Las Vegas Sands Remains Preferred Idea for Macau Recovery

Posted on: December 6, 2020, 03:53h. 

Last updated on: December 6, 2020, 10:26h.

Macau visitation trends are perking up and data confirms gross gaming revenue (GGR) is improving following a lengthy, coronavirus-induced slide for much of this year. That’s prompting some analysts to reiterate bullish views on Las Vegas Sands (NYSE:LVS).

Las Vega Sands
The Parisian Macau. An analyst is bullish on operator Las Vegas Sands. (Image: CNBC)

Shares of the largest Macau operator jumped 6.22 percent last week, a period including the special administrative region’s (SAR) November GGR report. Gaming revenue in the Chinese territory slumped 70.5 percent to $844 million USD in the eleventh month of the year. But that was two percentage points better than the October reading and a sharp improvement over the previous months that included a stretch of declines of at least 90 percent.

With mass market players driving Macau’s near-term recovery, LVS can capitalize on the rebound in the world’s largest casino center.

Given our expectation for continued outsized growth within Macau’s mass market gaming segment once this virus noise dies down, we continue to favor exposure to Macau’s most dominant mass market player, Las Vegas Sands,” said Stifel analyst Steven Wieczynski in a recent note to clients.

The analyst has a “buy” rating on LVS, which is lower by almost 13 percent year-to-date. But the stock is showing considerable momentum in recent weeks, soaring 20.44 percent over the past month.

Catalysts Abound for LVS Upside

Macau is the largest market for Sands and the company operates five integrated resorts there, intimately levering it to the SAR’s recovery trends.

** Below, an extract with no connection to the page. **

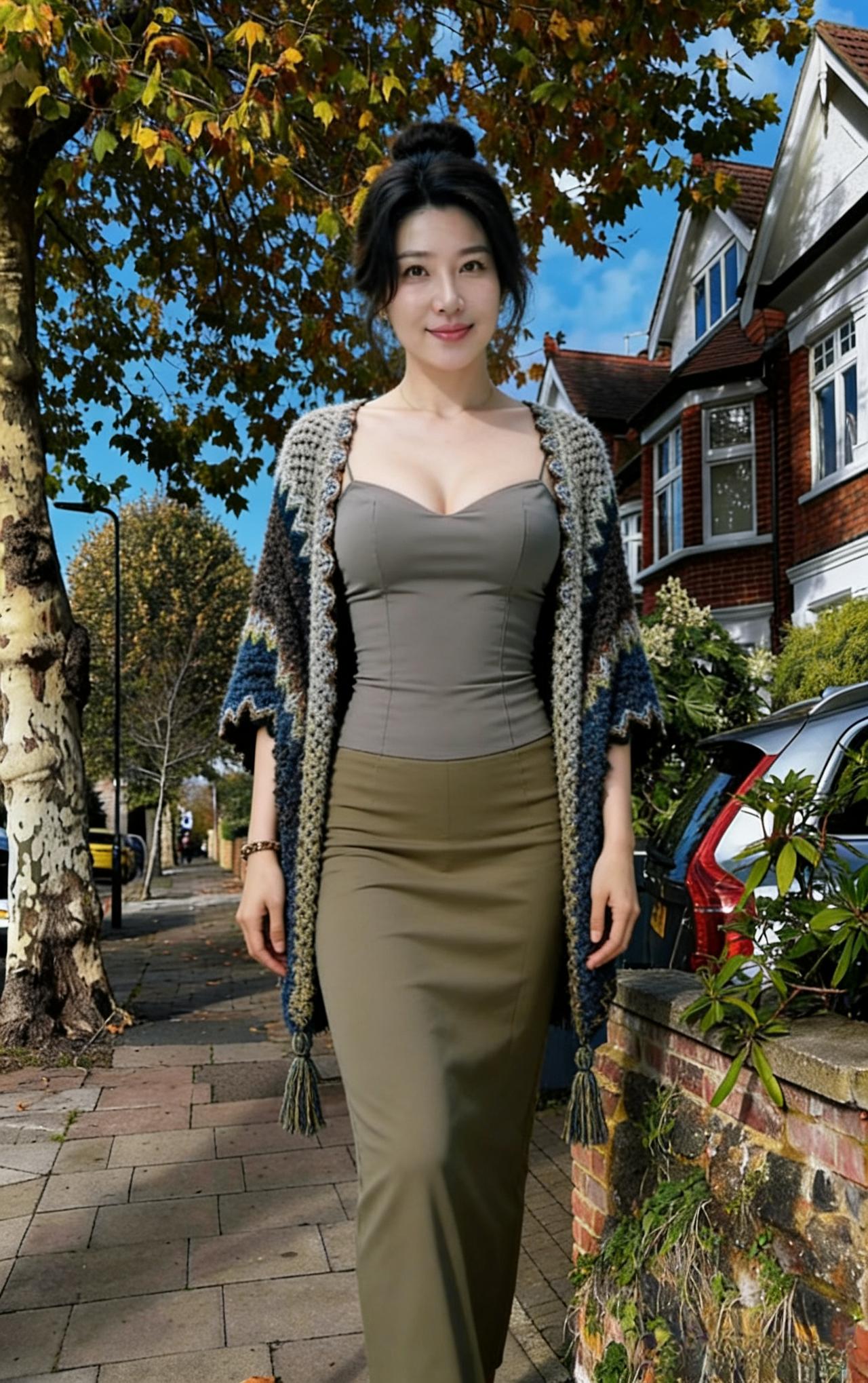 秋巷枫初染,佳人立砖墀。 织衣披彩缕,素衽映清姿。 云影浮高树,车声过短篱。 异乡逢秀色,如见故园枝。
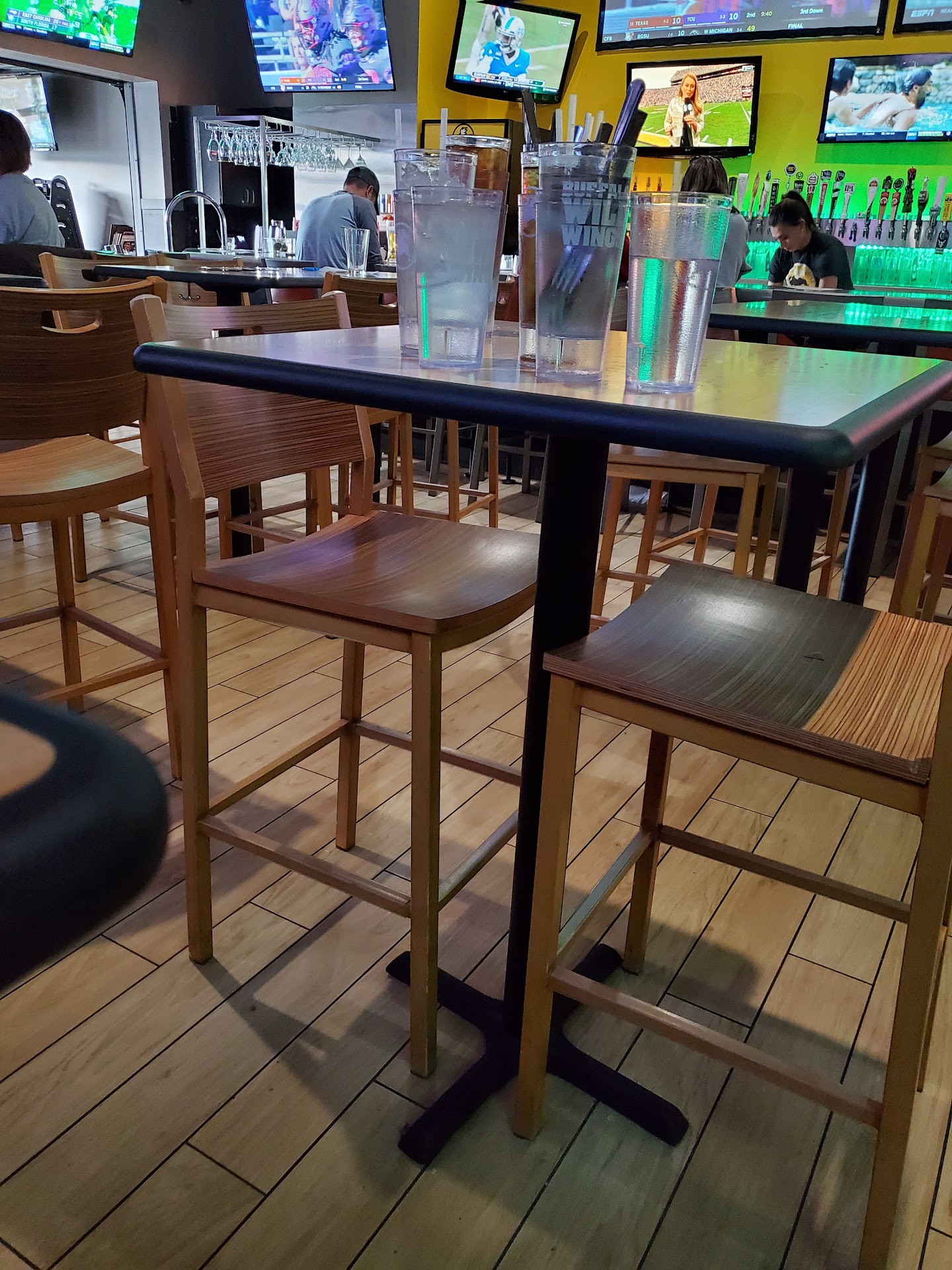 Read moreOkay, so I hate to write negative reviews but both times I went here went so horribly that I felt obligated. The most recent time I went the waitress spilled drinks on my friends and I. While this was unpleasant I wasn't too upset because it was an accident and these things happen. After moving us to a different both our waitress took our orders and the waiting began. We got to the restaurant at about 8:30, this is important because one of my friends had to be home by 10. This was a Monday night and there was no big game on. When we arrived there were 3 other groups sitting on our side of the barrier and two of the groups already had food. After our food was ordered it took 40 minutes, 40 minutes itself isn't that bad but combined with how little people there were and the fact that a table that got their way after us ordered, ate, and got boxes before we got our food: it was unbelievable. And the only reason we got her food when we did was because one of my friends went up and talked to a different waitress about how long it was taking, because our waitress hadn't come back over to our table in about 30 minutes. Our waitress, after hearing this immediately ran back and got our food. The manager had been over at our table and apologized for the wait and promised to figure out why it took so long. The waitress use the excuse of us being a large group, which is kind of a bad excuse considering there were five of us and this is Buffalo wild wings wear a large group was way bigger than 5 people. She then proceeded to tell us careful it's hot when in fact it was not. It was warm at best. Considering how late it was and that we had discussed it before our waitress got there we asked for to-go boxes because we couldn't wait there any longer when our friend had something she had to go to at 10. The waitress then proceeded to ask if we had talked in the manager and when we told her we did she ask what he said and that she would let him come back with the bill so that he could mark what he wanted to mark. Unable to wait much longer three of my friends left due to prior engagements. Well me and my other friend sat there and waited to the manager. While sitting we could see the manager walk around and even seat other people well he was supposedly seeing what took so long. My other friend and I waited over 10 minutes for the manager to come back and talk to us about our bill. When he finally made time for us, he marked 25% off and apologized. Know the discount had nothing to do with how upset I am. What upsets me is the lack of sincerity the manager had. the only thing he apologized for was the wait and when my friend mentioned how some of the chicken was cold in the most polite way possible he just stared at her and apologize again for the wait. The spilled drinks were not mentioned at all and my friend and I just left because we both dislike confrontation. It was very clear that both the manager and the waitress thought we were overreacting when in fact we were just trying to be polite about a bad situation. All in all this was one of the worst restaurant experiences I've had in my entire life. I'm very frustrated with how it was handled. And the funny thing is he never did tell us how...

LVS could offer investors more upside as Macau bounces back. In a broader sense, easing tensions between the US and China, which could be ushered in with the Biden Administration, and encouraging developments on the coronavirus vaccine front are positives for Macau operators. Specific to Sands, it’s opening its long-awaited Londoner Macau in February.

“Although we expect lingering Chinese macroeconomic uncertainty and virus fears to elevate trading volatility in the near term, we see nothing out there at this point capable of tempering our long-term enthusiasm on the name,” said Wieczynski.

The analyst advises investors to use weakness in LVS stock, which is heralded as a top 2021 rebound idea, to accumulate shares for the long-term.

Unmatched Positioning

Analysts frequently cite Sands’ balance sheet — $2.38 billion USD in cash at the end of Sept. 30 — as one reason to embrace the stock. That stockpile will grow if the company proceeds with selling the Venetian, Palazzo, and Sands Convention Center in Las Vegas, a transaction that could fetch up to $6 billion.

“The company’s impeccable balance sheet not only adds a level of safety and security to the story, it also favorably positions the company to successfully pursue any global integrated resort development opportunities of size that come along in the future, in our view,” adds Wieczynski.

The Stifel analyst adds there’s only limited near-term risks to LVS returning capital to shareholders, which include buybacks or perhaps restoring its previously suspended dividend.